The following editorial appeared in the Coos Bay, Oregon World on September 18, 2002.
What more evidence do federal lawmakers need to persuade them to eliminate day-use fees on U.S. Forest Service land?
Repeated protests over the past several years have done nothing to disuade Congress from continuing the pilot program originally set up to raise money for operations and maintenance.
It's been six long years and still they are ignoring growing opposition to the program.
The very people who stand to gain from those fees have become skeptical of the program. A recent independent survey of the Forest Service's employees in this region found that 38 percent just plain oppose it. The majority of the agency's workers have serious concerns over whether the program treats low income people with fairness.
Simply, it doesn't.
If a local family can't afford to pay, they can't play on the Oregon Dunes National Recreation Area or access any adjoining state-owned beaches. They can't hike in dozens of historically popular trails from Florence to Brookings.

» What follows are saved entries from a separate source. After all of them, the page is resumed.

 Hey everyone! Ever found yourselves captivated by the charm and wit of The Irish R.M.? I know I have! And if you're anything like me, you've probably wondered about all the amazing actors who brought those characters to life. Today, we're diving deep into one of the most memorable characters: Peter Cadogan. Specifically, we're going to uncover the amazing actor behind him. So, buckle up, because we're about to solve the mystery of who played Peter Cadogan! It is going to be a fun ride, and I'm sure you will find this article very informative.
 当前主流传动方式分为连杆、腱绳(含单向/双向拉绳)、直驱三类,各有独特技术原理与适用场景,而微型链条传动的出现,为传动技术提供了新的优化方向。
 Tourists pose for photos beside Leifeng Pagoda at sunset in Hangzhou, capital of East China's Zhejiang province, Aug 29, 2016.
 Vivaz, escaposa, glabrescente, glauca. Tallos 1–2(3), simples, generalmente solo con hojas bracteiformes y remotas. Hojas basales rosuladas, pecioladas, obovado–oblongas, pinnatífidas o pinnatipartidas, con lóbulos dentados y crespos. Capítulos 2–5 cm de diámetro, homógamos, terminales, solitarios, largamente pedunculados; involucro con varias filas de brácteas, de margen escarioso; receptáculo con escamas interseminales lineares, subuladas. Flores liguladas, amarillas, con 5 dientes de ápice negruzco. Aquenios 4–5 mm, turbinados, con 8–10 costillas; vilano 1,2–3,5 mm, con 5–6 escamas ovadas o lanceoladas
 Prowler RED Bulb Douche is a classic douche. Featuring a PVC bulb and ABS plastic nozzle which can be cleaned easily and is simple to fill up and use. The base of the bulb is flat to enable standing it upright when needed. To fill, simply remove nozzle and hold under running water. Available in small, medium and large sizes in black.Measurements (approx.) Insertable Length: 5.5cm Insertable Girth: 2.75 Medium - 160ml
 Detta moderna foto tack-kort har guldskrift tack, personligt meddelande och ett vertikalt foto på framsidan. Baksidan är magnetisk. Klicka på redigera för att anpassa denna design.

While those fees may provide 20 percent of the agency's regional budget, the pay-to-play program discriminates and there's just no reason federal lawmakers should continue to ignore that. It's an issue of simple economics.
The fee mostly hurts local residents, poor local residents. These are the people most likely to visit the South Coast's popular forest trails and Oregon over and over again. These are the people who can't afford to vacation far from home.

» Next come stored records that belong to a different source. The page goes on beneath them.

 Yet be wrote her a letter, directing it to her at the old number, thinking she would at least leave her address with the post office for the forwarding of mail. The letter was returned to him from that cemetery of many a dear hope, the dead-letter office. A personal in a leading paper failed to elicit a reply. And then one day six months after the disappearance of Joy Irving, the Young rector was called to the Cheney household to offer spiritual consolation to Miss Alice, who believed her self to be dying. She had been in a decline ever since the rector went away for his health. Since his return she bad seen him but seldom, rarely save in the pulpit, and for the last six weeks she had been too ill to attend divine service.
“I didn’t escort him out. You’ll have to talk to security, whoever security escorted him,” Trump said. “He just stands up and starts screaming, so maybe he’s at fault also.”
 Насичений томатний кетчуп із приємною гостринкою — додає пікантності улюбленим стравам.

These are the people already paying to subsidize those lands through property taxes and income taxes that maintain the roads, other surrounding infrastructure and even law enforcement - all of this in a region plagued by unemployment, underemployment and chronically low wages.
There's another issue to consider, too. Lawmakers are dismissing the fact that this region for decades has sent billions of dollars in timber receipts east - a practice likely to continue as long as the agency harvests trees.
Still, Congress persists on squeezing even more money from South Coast residents. Disguising this added tax as a user fee doesn't make it any more palatable. Local residents still must pay every time they want to hike the dunes or go beachcombing, and that's pretty hard to swallow.